START INFORMATION GIVEN

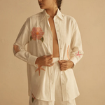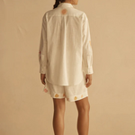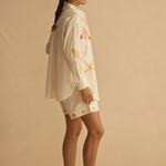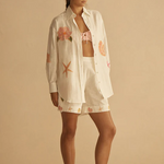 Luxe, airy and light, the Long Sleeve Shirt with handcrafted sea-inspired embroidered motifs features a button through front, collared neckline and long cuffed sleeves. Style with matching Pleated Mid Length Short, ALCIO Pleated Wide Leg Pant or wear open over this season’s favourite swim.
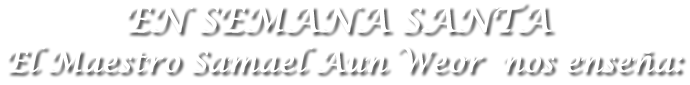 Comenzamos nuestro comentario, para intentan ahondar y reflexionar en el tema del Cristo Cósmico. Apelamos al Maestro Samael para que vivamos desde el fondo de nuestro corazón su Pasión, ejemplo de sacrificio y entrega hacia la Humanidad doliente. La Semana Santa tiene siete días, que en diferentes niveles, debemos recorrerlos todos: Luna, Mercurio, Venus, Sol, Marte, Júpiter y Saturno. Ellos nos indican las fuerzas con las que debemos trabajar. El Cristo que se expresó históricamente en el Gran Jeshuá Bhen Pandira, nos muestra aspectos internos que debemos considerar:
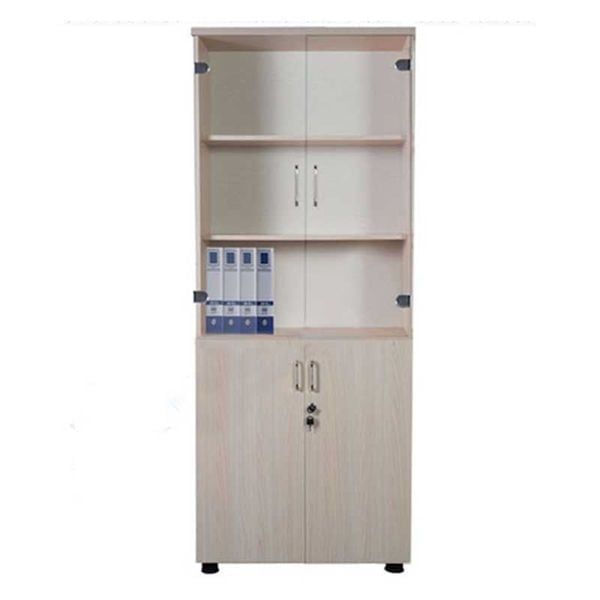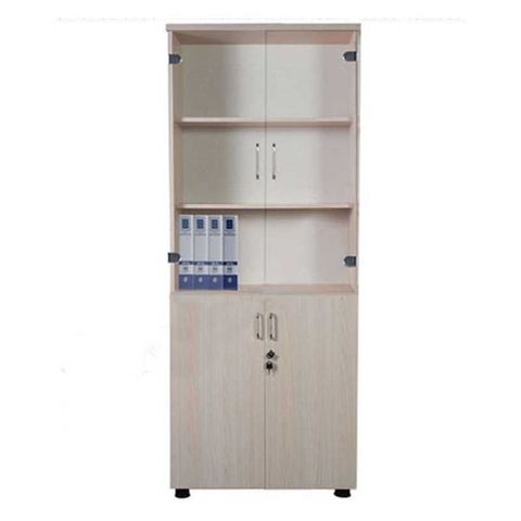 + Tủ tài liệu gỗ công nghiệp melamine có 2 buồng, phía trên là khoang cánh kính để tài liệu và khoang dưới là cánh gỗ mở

END INFORMATION GIVEN
START INFORMATION GIVEN

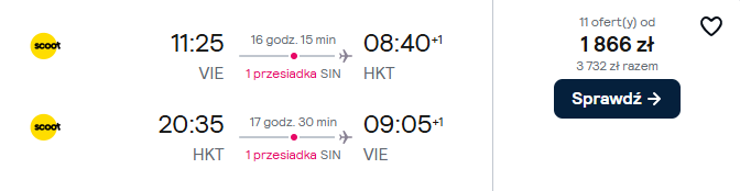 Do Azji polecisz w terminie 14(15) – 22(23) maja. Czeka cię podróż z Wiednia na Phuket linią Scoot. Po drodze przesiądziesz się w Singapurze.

END INFORMATION GIVEN
START INFORMATION GIVEN

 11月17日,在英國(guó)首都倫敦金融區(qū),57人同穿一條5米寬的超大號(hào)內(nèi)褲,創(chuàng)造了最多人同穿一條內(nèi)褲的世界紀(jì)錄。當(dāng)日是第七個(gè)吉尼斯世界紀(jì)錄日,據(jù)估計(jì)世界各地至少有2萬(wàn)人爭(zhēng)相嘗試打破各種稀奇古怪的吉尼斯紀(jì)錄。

END INFORMATION GIVEN

Starting at the line above that holds "Comenzamos nuestro comentario, para", return each line up to and including the one that holds "là cánh gỗ mở", exactly as written, minus any pictures.

 Comenzamos nuestro comentario, para intentan ahondar y reflexionar en el tema del Cristo Cósmico. Apelamos al Maestro Samael para que vivamos desde el fondo de nuestro corazón su Pasión, ejemplo de sacrificio y entrega hacia la Humanidad doliente. La Semana Santa tiene siete días, que en diferentes niveles, debemos recorrerlos todos: Luna, Mercurio, Venus, Sol, Marte, Júpiter y Saturno. Ellos nos indican las fuerzas con las que debemos trabajar. El Cristo que se expresó históricamente en el Gran Jeshuá Bhen Pandira, nos muestra aspectos internos que debemos considerar:
 + Tủ tài liệu gỗ công nghiệp melamine có 2 buồng, phía trên là khoang cánh kính để tài liệu và khoang dưới là cánh gỗ mở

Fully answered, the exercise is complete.